Collection entries:
*** Begin section ***

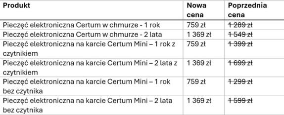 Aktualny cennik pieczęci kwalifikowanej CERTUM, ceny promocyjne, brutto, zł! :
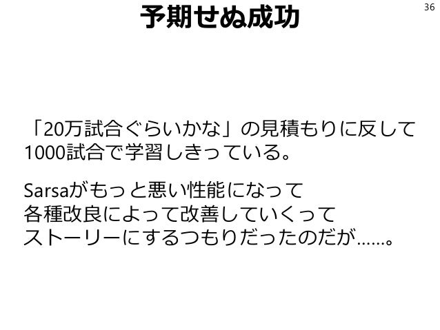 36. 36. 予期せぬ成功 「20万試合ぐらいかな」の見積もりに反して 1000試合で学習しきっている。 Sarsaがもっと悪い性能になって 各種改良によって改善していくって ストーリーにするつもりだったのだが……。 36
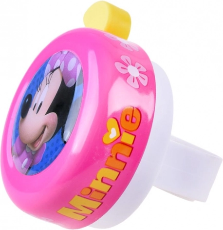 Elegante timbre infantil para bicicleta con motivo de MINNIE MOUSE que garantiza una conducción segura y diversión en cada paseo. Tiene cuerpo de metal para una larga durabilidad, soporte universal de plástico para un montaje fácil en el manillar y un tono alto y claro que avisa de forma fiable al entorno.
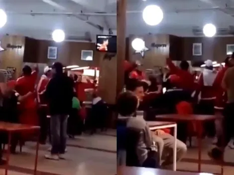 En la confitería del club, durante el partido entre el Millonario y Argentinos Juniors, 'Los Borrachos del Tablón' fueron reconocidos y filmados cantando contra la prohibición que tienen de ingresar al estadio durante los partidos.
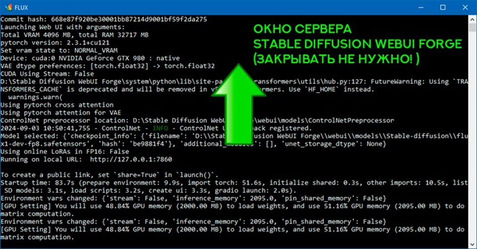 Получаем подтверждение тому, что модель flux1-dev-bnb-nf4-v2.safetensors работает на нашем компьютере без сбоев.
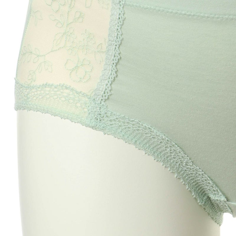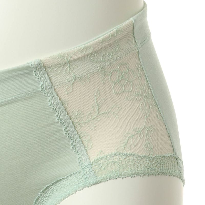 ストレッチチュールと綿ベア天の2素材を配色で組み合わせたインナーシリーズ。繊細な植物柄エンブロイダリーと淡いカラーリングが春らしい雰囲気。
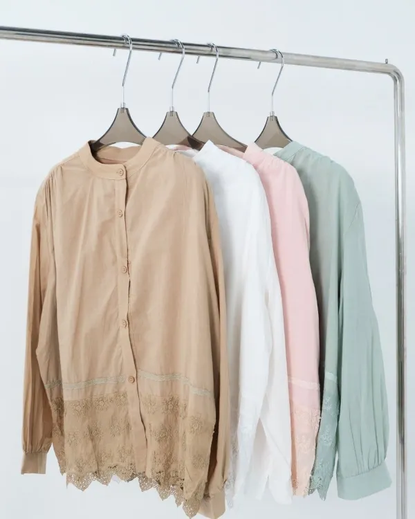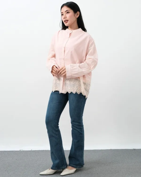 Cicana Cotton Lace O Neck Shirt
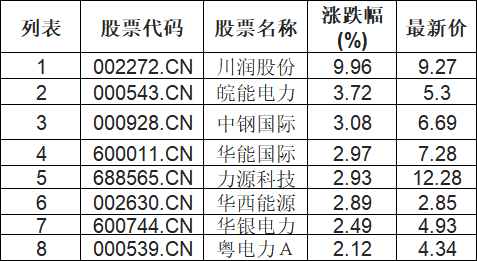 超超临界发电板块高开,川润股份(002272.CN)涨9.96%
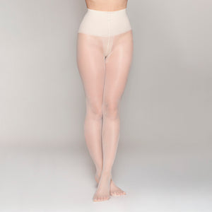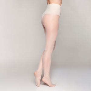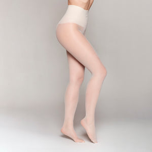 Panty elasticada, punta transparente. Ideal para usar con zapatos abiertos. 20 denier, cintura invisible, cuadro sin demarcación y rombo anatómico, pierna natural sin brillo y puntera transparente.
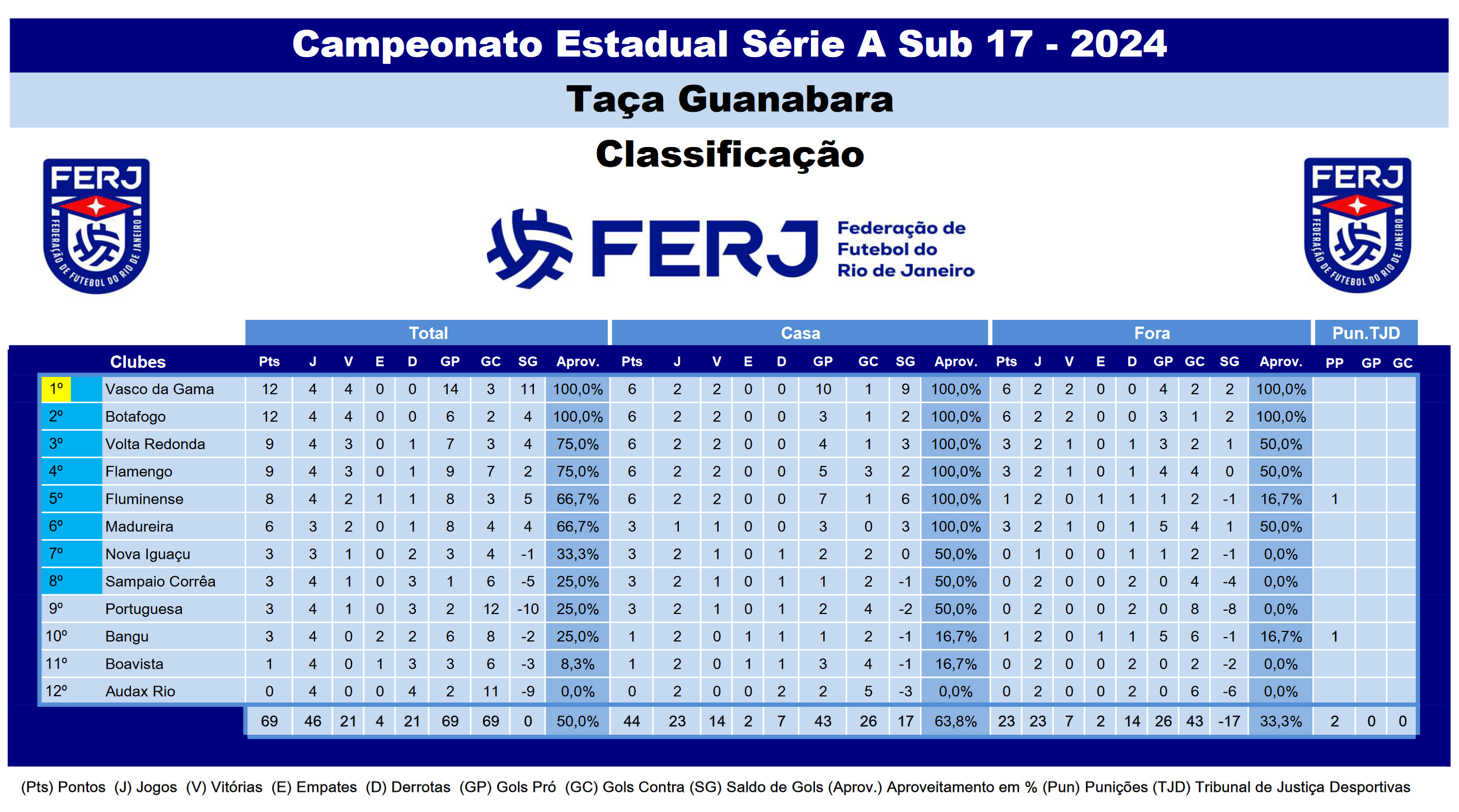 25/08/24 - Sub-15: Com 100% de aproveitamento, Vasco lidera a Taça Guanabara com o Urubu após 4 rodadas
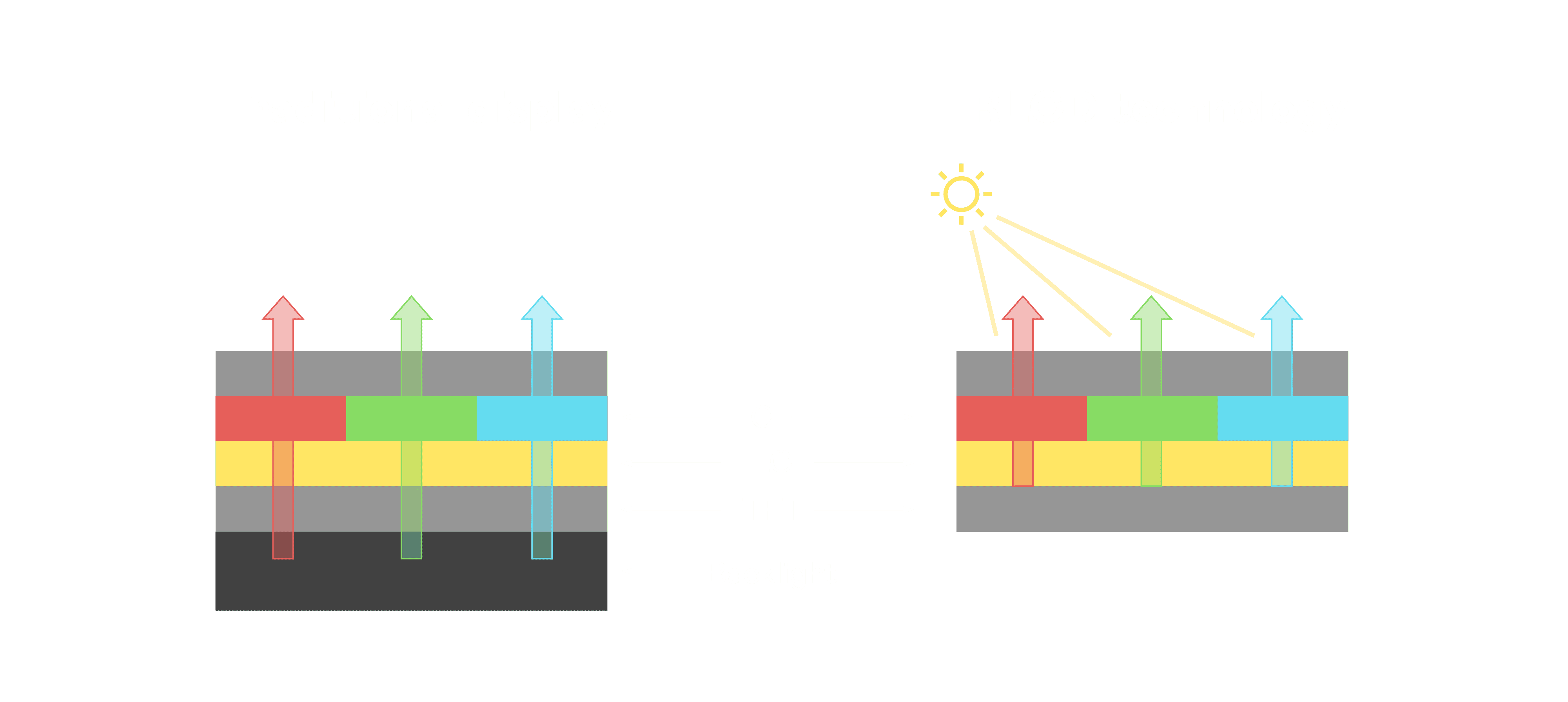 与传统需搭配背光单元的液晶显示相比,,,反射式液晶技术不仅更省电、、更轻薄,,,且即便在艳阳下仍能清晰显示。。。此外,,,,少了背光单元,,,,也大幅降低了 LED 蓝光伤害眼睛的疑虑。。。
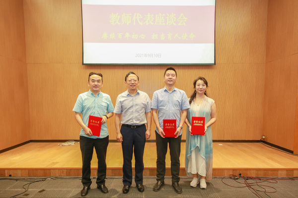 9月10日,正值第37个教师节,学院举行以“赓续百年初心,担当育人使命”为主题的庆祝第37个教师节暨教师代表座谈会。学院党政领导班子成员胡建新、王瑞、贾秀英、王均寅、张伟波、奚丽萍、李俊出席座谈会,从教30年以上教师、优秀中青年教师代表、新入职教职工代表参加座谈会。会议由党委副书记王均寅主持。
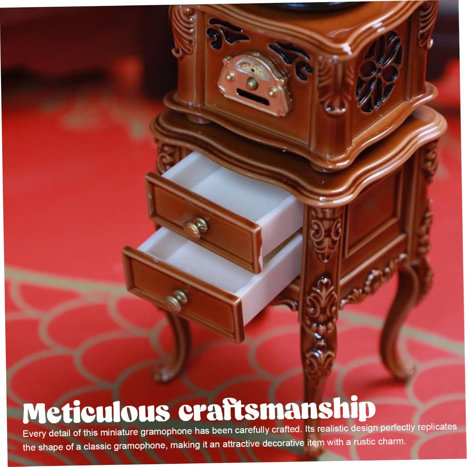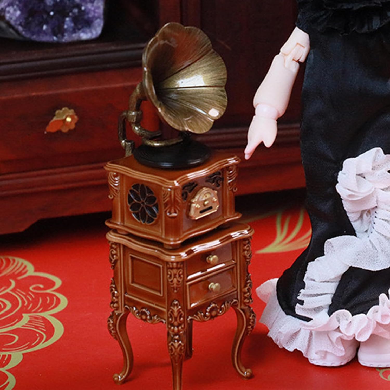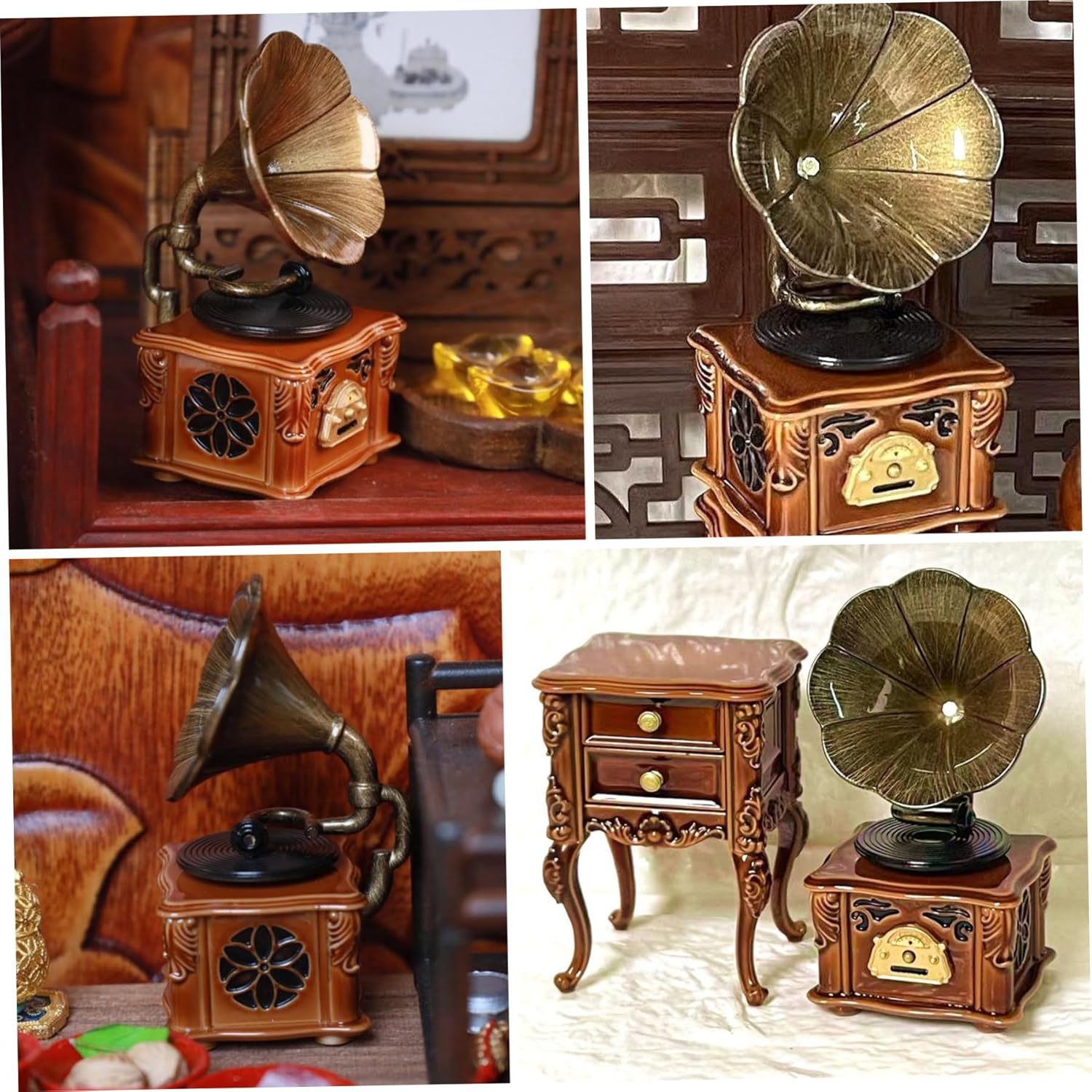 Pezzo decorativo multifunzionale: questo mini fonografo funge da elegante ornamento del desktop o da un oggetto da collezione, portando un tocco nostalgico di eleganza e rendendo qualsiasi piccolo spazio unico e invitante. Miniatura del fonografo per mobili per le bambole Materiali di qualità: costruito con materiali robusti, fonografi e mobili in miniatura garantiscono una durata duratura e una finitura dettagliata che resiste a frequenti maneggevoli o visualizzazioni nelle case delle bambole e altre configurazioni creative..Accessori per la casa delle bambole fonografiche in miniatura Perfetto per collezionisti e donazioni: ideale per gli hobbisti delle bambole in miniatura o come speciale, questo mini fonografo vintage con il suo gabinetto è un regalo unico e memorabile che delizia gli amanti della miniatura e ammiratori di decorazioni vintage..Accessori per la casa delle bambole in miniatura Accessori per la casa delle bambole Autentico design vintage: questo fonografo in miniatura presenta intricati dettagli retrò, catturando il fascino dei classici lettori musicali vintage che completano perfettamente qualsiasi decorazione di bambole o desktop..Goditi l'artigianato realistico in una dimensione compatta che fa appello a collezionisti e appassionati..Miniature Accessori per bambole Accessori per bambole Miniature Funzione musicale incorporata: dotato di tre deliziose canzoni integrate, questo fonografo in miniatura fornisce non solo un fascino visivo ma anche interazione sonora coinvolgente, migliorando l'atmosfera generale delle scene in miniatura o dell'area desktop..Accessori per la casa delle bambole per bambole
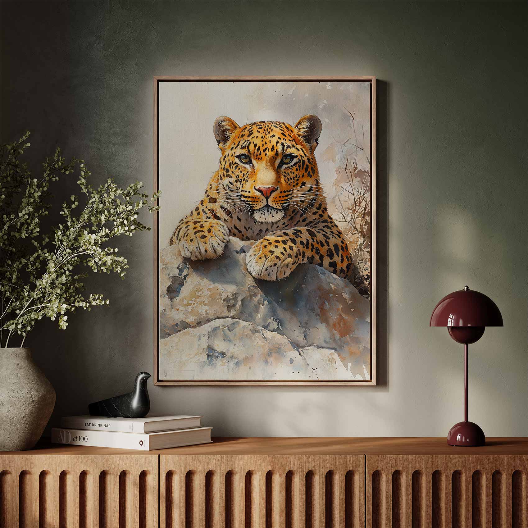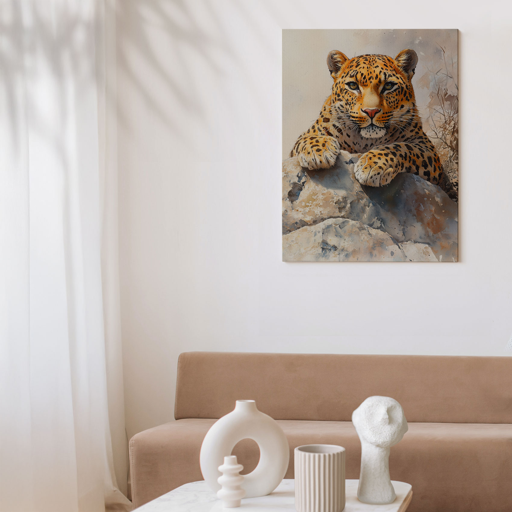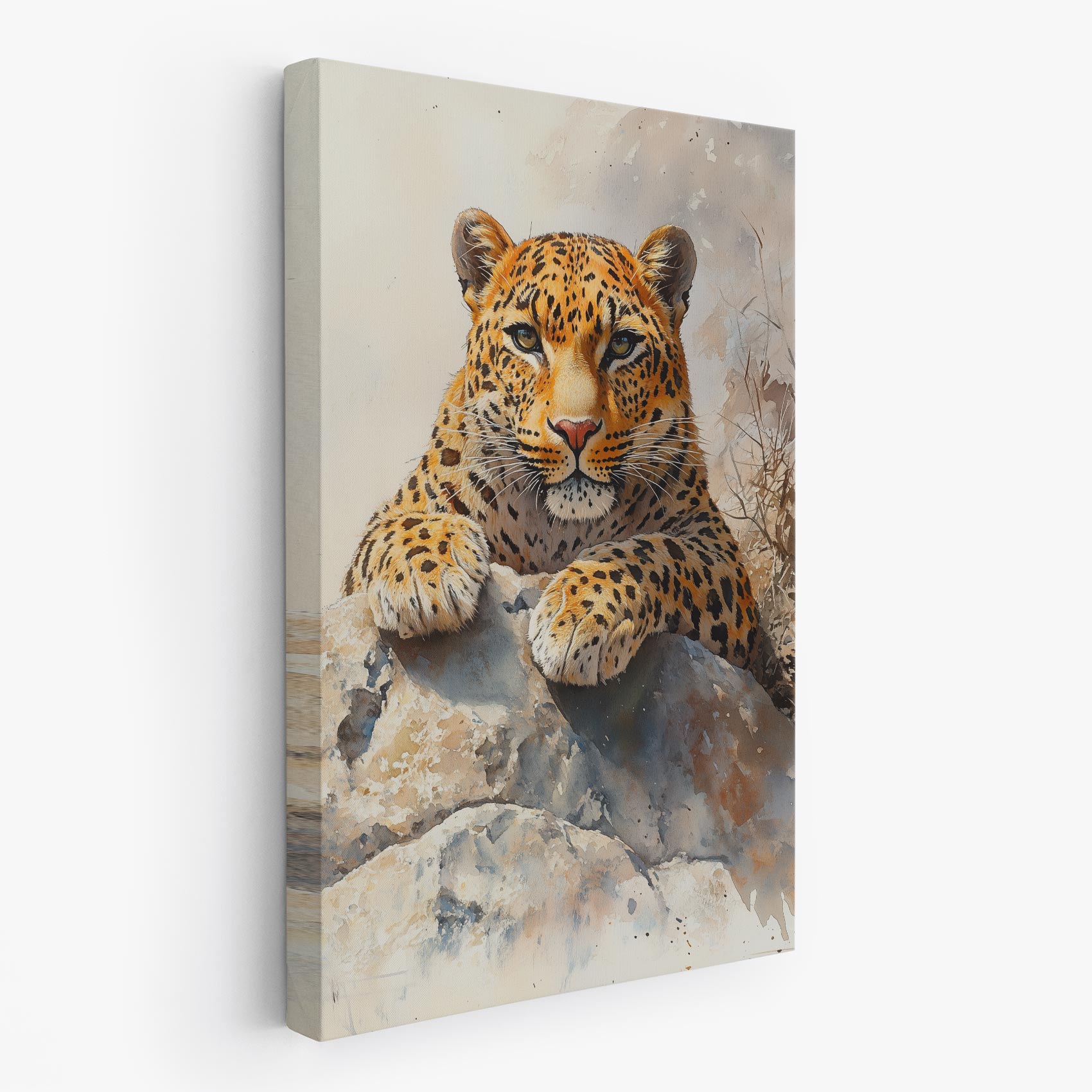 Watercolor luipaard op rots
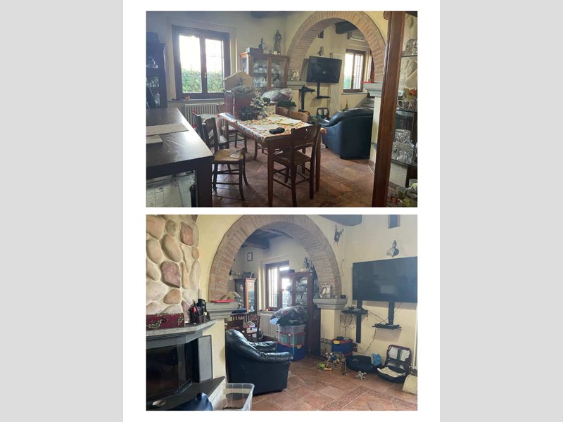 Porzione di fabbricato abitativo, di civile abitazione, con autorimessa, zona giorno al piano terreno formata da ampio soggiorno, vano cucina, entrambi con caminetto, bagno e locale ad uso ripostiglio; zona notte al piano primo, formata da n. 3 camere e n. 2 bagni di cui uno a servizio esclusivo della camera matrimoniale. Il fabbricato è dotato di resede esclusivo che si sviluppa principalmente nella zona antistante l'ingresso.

*** End section ***

**Problem to work on:** Output only the lines from the start of the data through the line that holds "Panty elasticada, punta". Keep them exact and leave the pictures out.

**Problem solution:**
 Aktualny cennik pieczęci kwalifikowanej CERTUM, ceny promocyjne, brutto, zł! :
 36. 36. 予期せぬ成功 「20万試合ぐらいかな」の見積もりに反して 1000試合で学習しきっている。 Sarsaがもっと悪い性能になって 各種改良によって改善していくって ストーリーにするつもりだったのだが……。 36
 Elegante timbre infantil para bicicleta con motivo de MINNIE MOUSE que garantiza una conducción segura y diversión en cada paseo. Tiene cuerpo de metal para una larga durabilidad, soporte universal de plástico para un montaje fácil en el manillar y un tono alto y claro que avisa de forma fiable al entorno.
 En la confitería del club, durante el partido entre el Millonario y Argentinos Juniors, 'Los Borrachos del Tablón' fueron reconocidos y filmados cantando contra la prohibición que tienen de ingresar al estadio durante los partidos.
 Получаем подтверждение тому, что модель flux1-dev-bnb-nf4-v2.safetensors работает на нашем компьютере без сбоев.
 ストレッチチュールと綿ベア天の2素材を配色で組み合わせたインナーシリーズ。繊細な植物柄エンブロイダリーと淡いカラーリングが春らしい雰囲気。
 Cicana Cotton Lace O Neck Shirt
 超超临界发电板块高开,川润股份(002272.CN)涨9.96%
 Panty elasticada, punta transparente. Ideal para usar con zapatos abiertos. 20 denier, cintura invisible, cuadro sin demarcación y rombo anatómico, pierna natural sin brillo y puntera transparente.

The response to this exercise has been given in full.